E infatti, una volta che furono avvertiti i frati e fu scavata la tomba, i due fratelli furono trovati entrambi vivi, per cui  furono chiamate tutte le autorità, il signore del luogo, il vescovo con tutto il clero per capirne di più. Quando fu chiesta ai due fratelli una spiegazione del prodigio, colui che era stato ucciso rispose: “Signori, ferito che io fui, veggendomi vicino alla morte, primieramente perdonai di buon cuore al mio fratello, ed appresso, tutto contriso, mi raccomandai a Dio e al Beato Lucchese, di cui io avevo cognizione per essere stata l’avola mia materna per Patria da Poggibonsi di Toscana, ed averlo io sempre avuto in divozione infin da fanciullo, per consiglio di mia madre, che aveva nome Giovanna, dalla quale gran cose ne sentii ragionare”.
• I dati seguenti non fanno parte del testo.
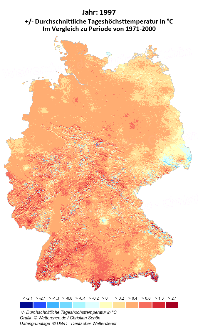 1997 - +/- Durchschnittliche Tageshöchsttemperatur in °C
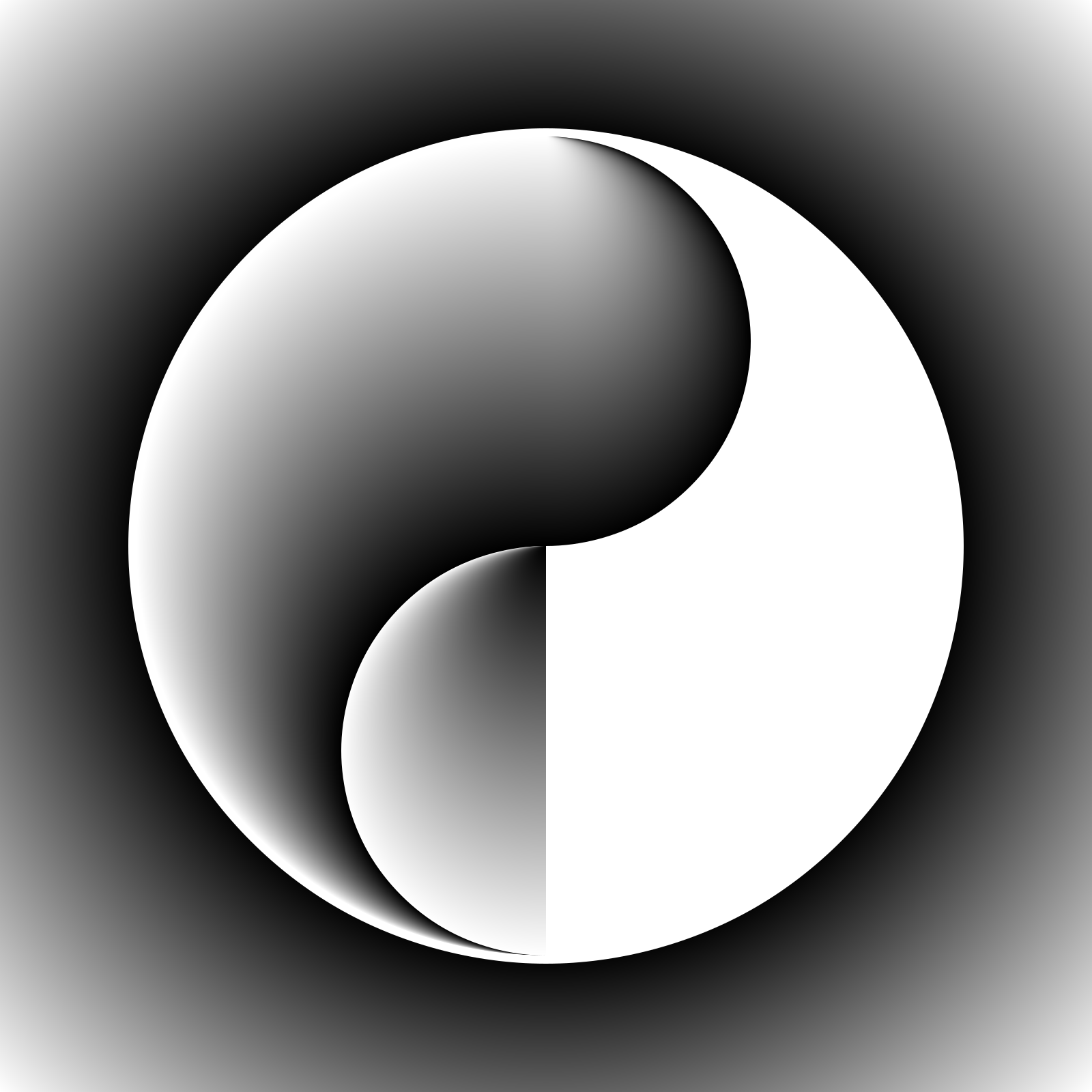 This features a close-up of an abstract yin-yang symbol, which is a well-known symbol in Eastern philosophy. The yin-yang symbol consists of two interlocking circles that are divided into black and white halves. In this particular representation, the symbol has been drawn with radial gradients, giving it a unique and visually appealing appearance. The image showcases the intricate details of the yin-yang symbol, making it an interesting visual piece.
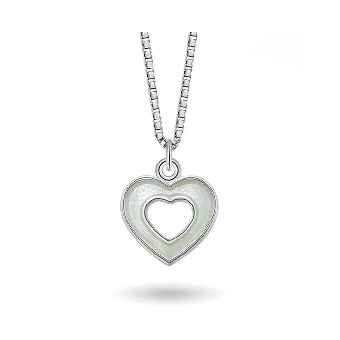 Pia & Per børnehalskæde med åbent hjerte i sølv, hvid
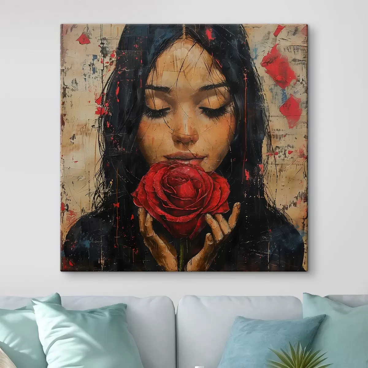 carta da parati Ragazza con una rosa rossa nr. s40898
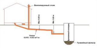 Les tuyaux sont posés au préalable dans un fossé creusé sur un coussin de sable et avec des matériaux de construction calorifuges. La pente doit être effectuée sur la base du calcul d'au moins 2 cm par mètre de communication.
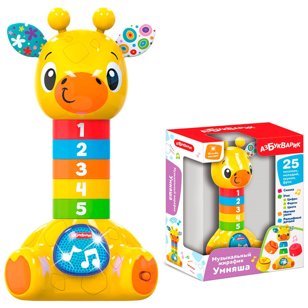 Нажимая на кнопочку с огоньком, ребенок послушает интересную сказку «Жирафик в цирке», 5 песенок («Как много игрушек на свете!», «Как хорошо уметь счита
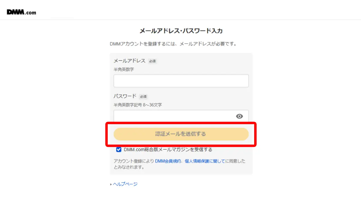 ※数分経ってもメールが届かない場合は、迷惑フォルダに入っていないか、入力したメールアドレスが間違っていないか確認。また、セキュリティの受信設定によってブロックされている場合もあるため、「@mail.dmm.com」のドメインが受信できるように設定を確認しておく。
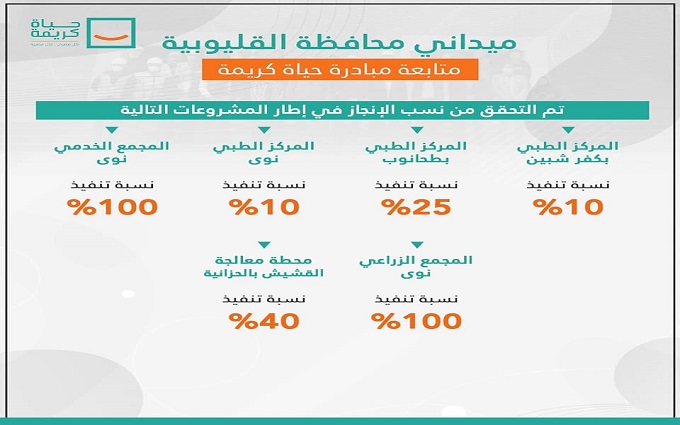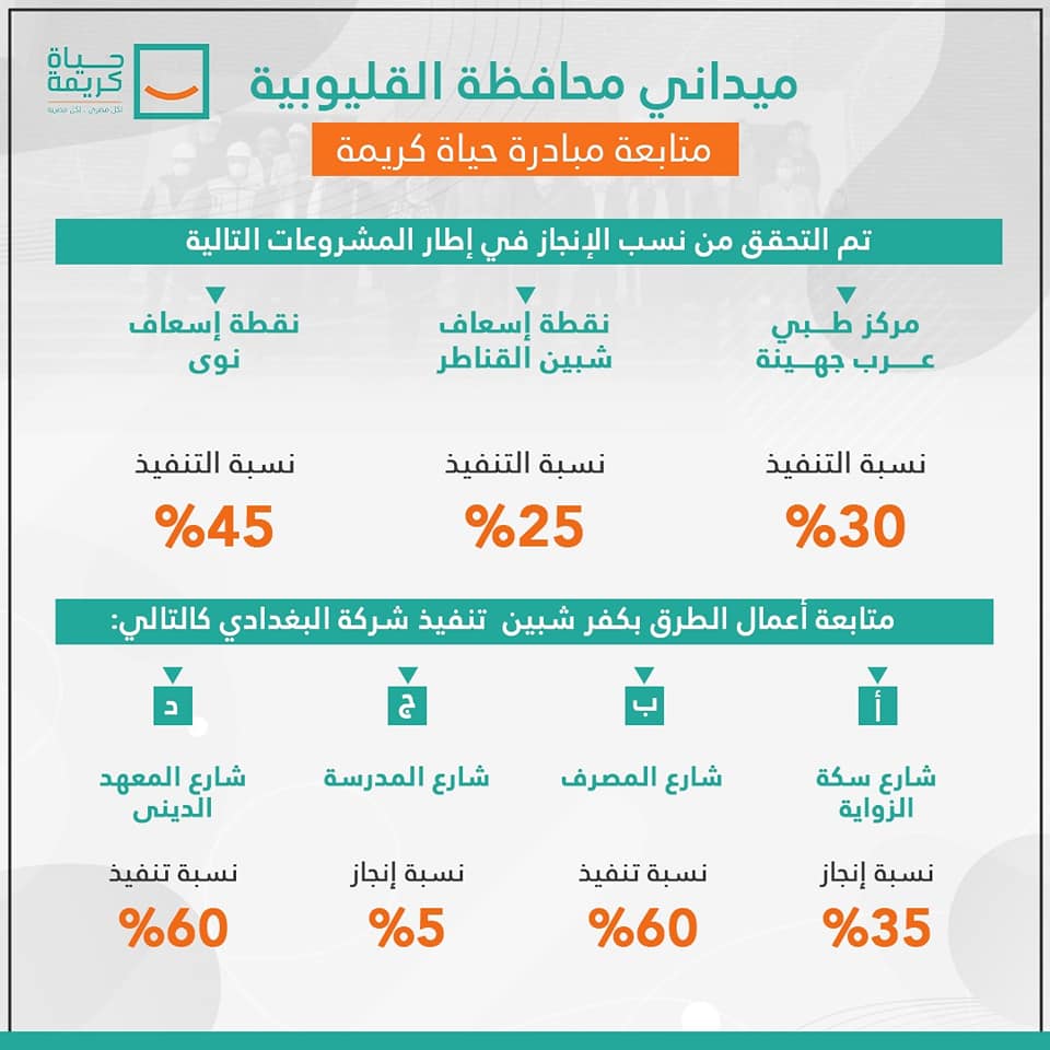 - المشروعات تتم في العديد من القطاعات، كالقطاع الطبي ونقطتي الإسعاف بشبين القناطر ونوى، إلى جانب مشروعات الطرق وتطويرها، والمجمعات الخدمية.

Dopodiché il fratello omicida aggiunse: “Quando io mi vidi così nudo, con le mani legate al morto corpo di questo mio fratello per dover essere seco sotterrato vivo, tutto contriso pregai l’istesso Beato Lucchese, nel quale avevo anch’io similmente devozione, che per i suoi meriti e preci volesse impetrarmi grazia da Dio, che io scampassi da sì crudele e così atroce morte e che se ciò ottenevo, mi sarei fatto Frate dell’Ordine di San Francesco”.

La madre dei due giovani confermò di aver cresciuto i due figli fin da piccoli come devoti del Beato Lucchese e di averne raccomandato a lui di uno il corpo, dell’altro l’anima. Tutte le autorità rimasero stupite del prodigio, dopodiché l’ucciso se ne andò a casa con la madre, mentre l’uccisore prese l’abito dei frati minori francescani.

(V. “Vite de’ santi, beati e venerabili servi di Dio del terz’ordine di San Francesco estratte con ogni diligenza dal Novissimo Leggendario Francescano già ridotto in dodici tomi dal padre Pietr’Antonio di Venezia” - Venezia, 1725)

Nelle immagini: la basilica di San Lucchese in una vecchia immagine, con i cipressi ancora davanti al loggiato e San Lucchese secondo Memmo di Filippuccio, sacrestia della basilica.